Madem sen kurtuldun bana rehberlik edebilirsin. Bana yardım eder misin o zaman?
Podes ajudar-me, então?
- Sen ciddi misin?
- Como assim?
- Ciddi misin sen?
- Estás a falar a sério? - Fui escolhida.
Ciddi misin sen?
Estás a falar a sério?
- İyi misin sen?
- Estás bem?
Sen değiştirmek ister misin?
Queres usá-lo?
Sen halledebilir misin?
Consegues lidar com isto?
Sen de hayalperest misin Rebecca?
É uma sonhadora, Rebecca?
Sen iyi misin?
Estás bem?
Sen gazeteci misin infazcı mı?
És jornalista ou justiceiro?
Sen bizi hastaneye sokabileceğinden emin misin?
Tens a certeza que nos consegues colocar no hospital?
Biliyorum. Sen iyi misin?
A senhora está bem?
İyi misin sen?
O que foi? Está tudo bem.
- İyi misin sen?
Estás bem?
Brenda sen misin?
É a Brenda?
Kimseyi takımdan atamaz. Ciddi misin sen?
Ela não pode simplesmente expulsar alguém da equipa.
Sen uzman değil misin?
Espere. Não é um assistente?
Pembe kod olasılığı var. Sen ilgilenir misin?
Tenho um possível Código Rosa.
Evet, sen iyi misin?
Tu estás?
Brenda, sen iyi misin?
Brenda, estás bem?
- Sen de bu işin içinde misin? - Dalga mı geçiyorsun benimle?
- Está metida nisto?
Şu koridorda gördüğüm fıstık için fazla yaşlı değil misin sen?
Não estás a ficar um pouco velho para aquela brasa que vi no corredor?
Ciddi misin sen?
A sério?
- Sen değil misin?
- Não estás?
Sen iyi misin?
Tu estás bem?
Sen iyi misin?
- Estás bem?
Anne sen misin?
Mãe, és tu?
Ciddi misin sen?
- Estás a falar a sério?
- Blake, sen halleder misin?
- Blake, cuida disso. - Claro.
Vay canına!

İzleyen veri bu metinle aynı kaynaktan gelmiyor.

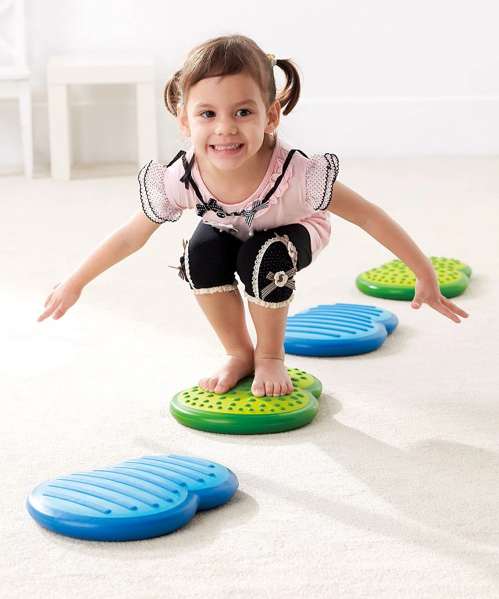 Необычная развивающая игрушка с рифленой поверхностью, которая способствует физическому развитию ребенка, тренирует мышцы ног, учит его держать равновесие и координировать движения. Передвигаясь по диску ребенок массирует ножки. Игрушка способствует развитию тактильных ощущений, сенсорного восприятия. Выполнена из качественных безопасных материалов.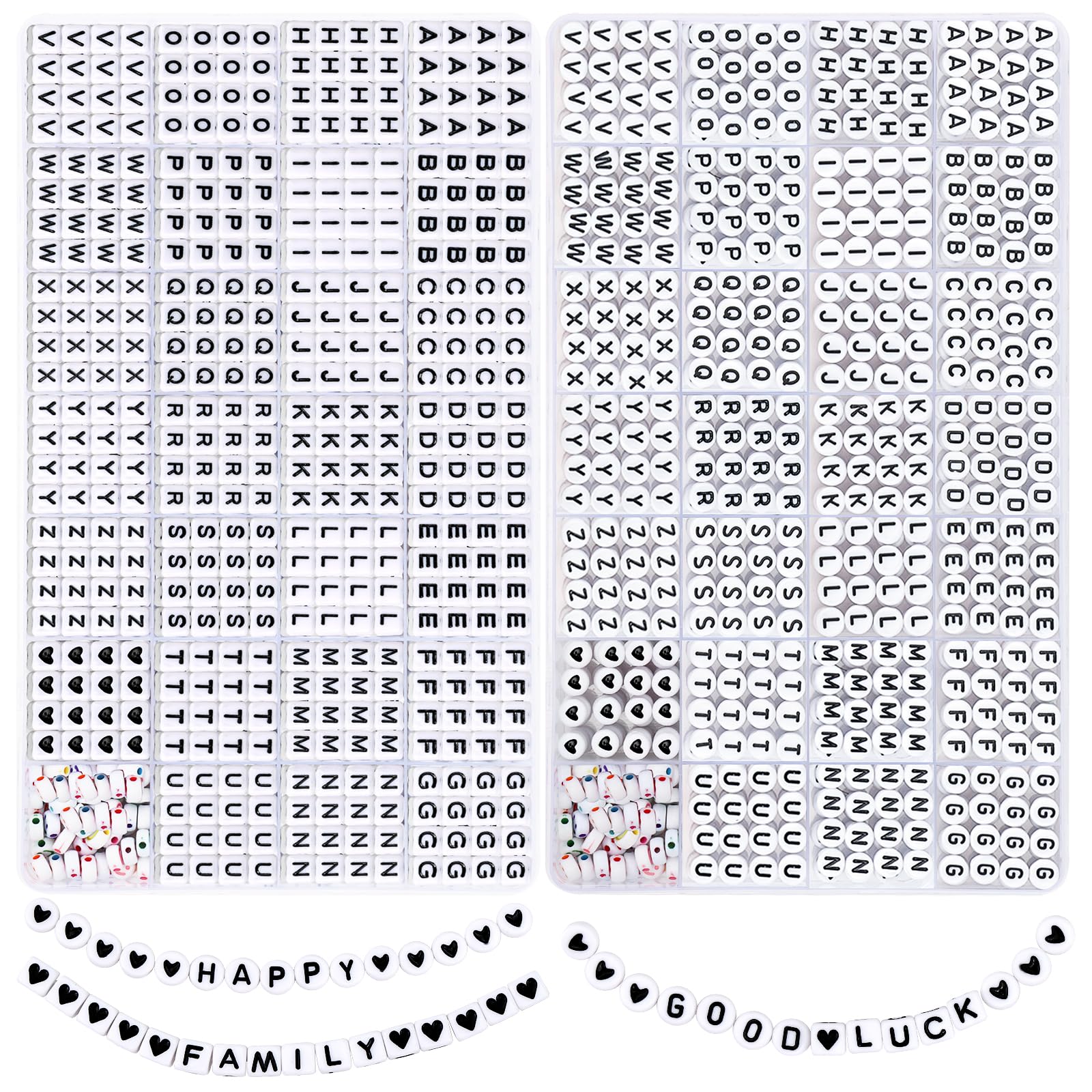 Discover a set of 1904 alphabet beads in two boxes, featuring oblate and square letter beads with black letters on a white background. Each box includes heart and smiley face beads, ideal for personalized jewelry projects. These versatile beads allow you to craft unique bracelets and necklaces that showcase your individual style. Easy to combine with clay beads, seed beads, spacer beads, and pony beads, they offer endless creative possibilities for making fun and distinctive jewelry pieces. Crafted from high-quality acrylic, the beads are produced with advanced paint spray and grinding techniques, ensuring smooth surfaces and precisely aligned holes for easy stringing. Add a playful touch to your designs with colorful smiley face and heart charms, perfect for creating eye-catching accessories. Whether for personal use or gifts, these alphabet beads provide a fun and creative way to express yourself through custom jewelry.

Sen iyi misin?
Está bem?
Kaptan, sen iyi misin?
Capitão, estás bem?
- Sen ciddi misin?
- A sério?
Sen kolejde misin?
Na universidade?
Bu gece ayrılırsak sen kendi işine bakabilir misin?
Se nos separarmos hoje, podemos ficar assim?
Sen iyi misin?
Que se passa? Estás bem?
- Ciddi misin sen?
- A sério?
İyi misin sen?
Estás bem?
- Yapabilir misin? - Sen at sadece.
- Consegues fazer isto?
Sen iyi misin? Çığlık attığını duydum.
Tu estás bem?
Hey, sen iyi misin?
Pareces...

© 2017 - 2024 Translate.vc | [email protected]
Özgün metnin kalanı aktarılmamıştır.